Atténuer les impacts du Covid sur les agriculteurs

Dans le but d’augmenter la capacité de résilience des petits agriculteurs et des structures associatives vulnérables des communautés rurales par l’appui à l’augmentation rapide de la production agricole, le gouvernement haïtien, à travers le ministère de l’Agriculture, et le Fonds international pour le développement agricole (FIDA) ont lancé conjointement, le mercredi 17 novembre 2021, un projet intitulé « Projet d’urgence de renforcement de la résilience des agriculteurs au Covid 19». Ce projet sera exécuté dans trois départements géographiques du pays et cible particulièrement les agriculteurs pris individuellement ou regroupés au sein d’une association de base.

Publié le 2021-11-17 | lenouvelliste.com

L’Ouest, le Nord-Ouest et le Centre sont les trois départements géographiques du pays concernés par le Projet d’urgence de renforcement de la résilience des agriculteurs au Covid-19 (PURRACO). Financé par le Fonds international de développement agricole à hauteur de cinq millions de dollars et d’une contribution en nature de l’État haïtien à hauteur de 500 000 dollars américains, ce projet s’adresse à tous les ménages ruraux avec une emphase sur les ménages agricoles, les femmes, notamment celles les plus vulnérables et les jeunes.

Il s’agit, selon le coordonnateur du projet, Eliancé Moïse, d’un projet qui s’aligne sur les grandes orientations du programme de réponse du ministère de l’Agriculture en vue d’atténuer les impacts du coronavirus sur le secteur agricole et s’inscrit, affirme le ministre de l’Agriculture, Charlot Bredy, dans le cadre global du plan de réponse développé en mars 2020 par le ministère pour faire face aux effets de la pandémie et d’atténuer l'insécurité alimentaire aiguë et la baisse des revenus des ménages résultant de ces mesures.

L’objectif de ce projet, précise le coordonnateur du projet, est d’augmenter la capacité de résilience des petits agriculteurs et des structures associatives des communautés rurales par l’appui à l’augmentation rapide de la production agricole par le biais de la réhabilitation des infrastructures productives et l’approvisionnement en intrants agricoles et de l’appui à l’élevage d’animaux à cycle court.

Pour y parvenir, l’ancien directeur départemental agricole du Sud projette de mettre les balises afin d’accroitre durablement la base productive des zones ciblées par l’optimisation de la gestion de l’eau et la consolidation de l’agriculture au niveau des périmètres irrigués, au moyen d’installations collectives ou individuelles. Il est également question de valoriser les produits de l’agriculture irriguée de manière à augmenter les revenus des ménages les plus pauvres et renforcer les capacités de planification et de structuration des communautés, en incluant les groupes les plus vulnérables.

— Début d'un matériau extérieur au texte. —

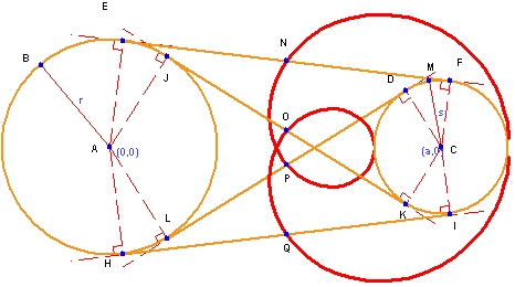 この例で検討するのは、2つの円の共通接線の中点の軌跡です。作成された図は一見非常に複雑なものに見えますが、Geometry Expressions なら作図と条件をうまく組み合わせることで非常に簡単に作成することができます。2つの円を描画したら、半径の条件に “r” と “s” をそれぞれ設定します。次に4つの共通接線を作成します。直線を単純に引き、2つの円それぞれに接するよう条件を与えます。次に、作図機能を使って、各直線に4つの中点を作成します。最後に、各中点を選択し、半径 r の変化に伴ってできる軌跡を求めます。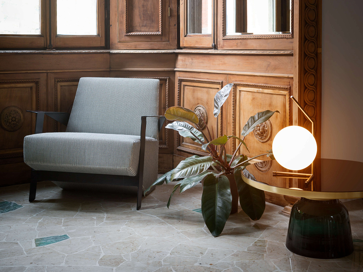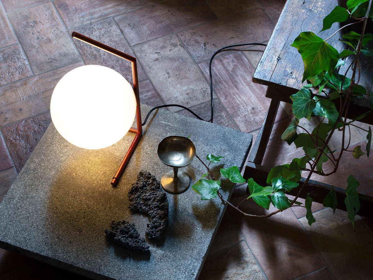 Настольная лампа, дающая рассеянный свет. Каркас из латуни, черной или хромированной стали. Рассеиватель из дутого опалового стекла. Диммер на аккорде питания.

Ainsi, au terme de ce projet, soit dans deux ans et demi, l’on projette de mettre en place 50 unités d’élevage de poules, 50 unités d’élevage de porcins et 50 unités d’élevage de caprins. L'on parle de la création de plusieurs milliers d’emplois dans le secteur agricole afin de diversifier le plus possible le revenu des ménages ruraux dont une grande partie est décapitalisée.   

Le directeur pays du FIDA a mis l’emphase sur la problématique de la sécurité alimentaire dans le pays. Par ce projet, assure le représentant de l’institution spécialisée des Nations unies en Haïti, Paolo Silveri, l’on vise l’atteinte des Objectifs de développement durable un et deux que sont l’éradication de la pauvreté et la lutte contre la faim. C’est en ce sens que le ministre s'est dit réjoui que ce projet puisse aborder les aspects du renforcement de la capacité de résilience des femmes rurales, de la promotion du genre et de l'autonomisation productive et économique des femmes et de jeunes à travers des activités de production dans les deux composantes du projet.